-- MATERIAL FOR THIS TASK follows --

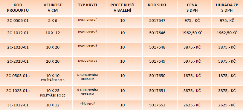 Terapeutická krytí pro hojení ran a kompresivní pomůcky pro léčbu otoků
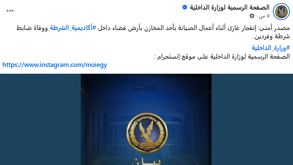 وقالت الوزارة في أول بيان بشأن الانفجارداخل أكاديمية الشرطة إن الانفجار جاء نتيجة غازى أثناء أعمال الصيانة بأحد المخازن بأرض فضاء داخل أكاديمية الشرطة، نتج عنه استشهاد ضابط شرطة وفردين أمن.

-- MATERIAL FOR THIS TASK concluded --
-- MATERIAL FOR THIS TASK follows --

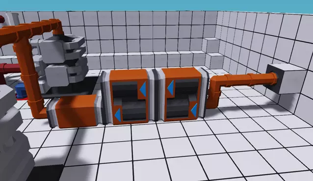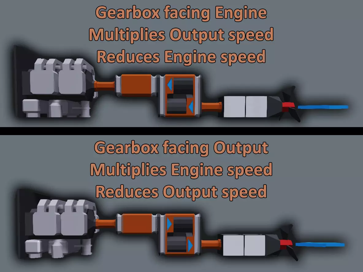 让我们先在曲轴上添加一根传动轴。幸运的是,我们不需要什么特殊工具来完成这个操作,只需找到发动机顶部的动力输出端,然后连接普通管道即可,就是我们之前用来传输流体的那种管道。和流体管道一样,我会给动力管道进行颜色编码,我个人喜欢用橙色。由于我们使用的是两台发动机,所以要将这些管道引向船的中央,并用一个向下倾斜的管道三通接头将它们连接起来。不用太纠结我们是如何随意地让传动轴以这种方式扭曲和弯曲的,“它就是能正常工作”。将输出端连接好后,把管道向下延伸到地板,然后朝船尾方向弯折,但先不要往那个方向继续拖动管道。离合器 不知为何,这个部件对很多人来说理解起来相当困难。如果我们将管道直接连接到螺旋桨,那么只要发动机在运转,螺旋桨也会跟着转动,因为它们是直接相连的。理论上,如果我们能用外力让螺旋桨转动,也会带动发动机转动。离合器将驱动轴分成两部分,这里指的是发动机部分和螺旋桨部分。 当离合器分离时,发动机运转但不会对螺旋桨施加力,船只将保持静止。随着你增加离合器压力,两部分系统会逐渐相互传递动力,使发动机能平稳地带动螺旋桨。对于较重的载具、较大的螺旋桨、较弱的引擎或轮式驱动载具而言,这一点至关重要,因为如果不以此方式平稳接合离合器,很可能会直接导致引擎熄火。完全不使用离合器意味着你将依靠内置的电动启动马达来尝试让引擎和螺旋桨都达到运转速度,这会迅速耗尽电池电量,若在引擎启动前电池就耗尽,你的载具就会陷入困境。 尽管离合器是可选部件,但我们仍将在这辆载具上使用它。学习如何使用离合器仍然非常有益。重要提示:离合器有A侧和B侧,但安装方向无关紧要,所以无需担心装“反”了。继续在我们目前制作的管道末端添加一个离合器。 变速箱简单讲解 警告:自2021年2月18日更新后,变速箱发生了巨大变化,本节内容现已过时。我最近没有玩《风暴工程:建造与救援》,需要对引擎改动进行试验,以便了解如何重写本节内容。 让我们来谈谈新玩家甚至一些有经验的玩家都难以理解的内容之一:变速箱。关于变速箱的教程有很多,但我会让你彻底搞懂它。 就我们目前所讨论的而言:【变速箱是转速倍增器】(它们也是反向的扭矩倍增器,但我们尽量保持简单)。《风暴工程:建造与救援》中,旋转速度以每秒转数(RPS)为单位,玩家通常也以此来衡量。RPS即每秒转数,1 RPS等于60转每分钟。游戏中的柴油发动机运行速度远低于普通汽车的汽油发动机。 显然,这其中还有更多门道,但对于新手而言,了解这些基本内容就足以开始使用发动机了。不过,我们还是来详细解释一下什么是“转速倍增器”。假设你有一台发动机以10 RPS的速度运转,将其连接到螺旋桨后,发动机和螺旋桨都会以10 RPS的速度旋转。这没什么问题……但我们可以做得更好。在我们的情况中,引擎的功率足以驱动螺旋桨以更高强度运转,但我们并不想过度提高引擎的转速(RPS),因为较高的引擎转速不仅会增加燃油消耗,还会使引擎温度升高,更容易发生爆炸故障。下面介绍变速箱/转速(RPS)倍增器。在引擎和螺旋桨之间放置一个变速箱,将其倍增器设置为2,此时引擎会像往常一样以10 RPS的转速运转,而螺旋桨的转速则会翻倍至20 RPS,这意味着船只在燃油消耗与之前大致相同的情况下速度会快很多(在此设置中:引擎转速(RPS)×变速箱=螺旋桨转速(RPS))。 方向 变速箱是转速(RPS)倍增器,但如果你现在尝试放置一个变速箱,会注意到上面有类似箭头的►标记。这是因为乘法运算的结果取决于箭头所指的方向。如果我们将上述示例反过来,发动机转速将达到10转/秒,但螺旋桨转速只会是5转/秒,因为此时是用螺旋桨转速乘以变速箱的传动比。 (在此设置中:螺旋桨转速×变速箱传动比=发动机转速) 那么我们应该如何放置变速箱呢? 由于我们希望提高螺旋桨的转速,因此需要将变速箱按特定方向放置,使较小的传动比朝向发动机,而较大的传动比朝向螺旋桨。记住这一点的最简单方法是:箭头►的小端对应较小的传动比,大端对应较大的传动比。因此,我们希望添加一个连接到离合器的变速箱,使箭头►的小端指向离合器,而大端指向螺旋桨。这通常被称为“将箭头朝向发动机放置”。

-- MATERIAL FOR THIS TASK concluded --

• [WORK REQUEST] From the line containing "Terapeutická krytí pro" through the line containing "وقالت الوزارة في", copy every line above exactly, without pictures.

• [ANSWER SPACE]
 Terapeutická krytí pro hojení ran a kompresivní pomůcky pro léčbu otoků
 وقالت الوزارة في أول بيان بشأن الانفجارداخل أكاديمية الشرطة إن الانفجار جاء نتيجة غازى أثناء أعمال الصيانة بأحد المخازن بأرض فضاء داخل أكاديمية الشرطة، نتج عنه استشهاد ضابط شرطة وفردين أمن.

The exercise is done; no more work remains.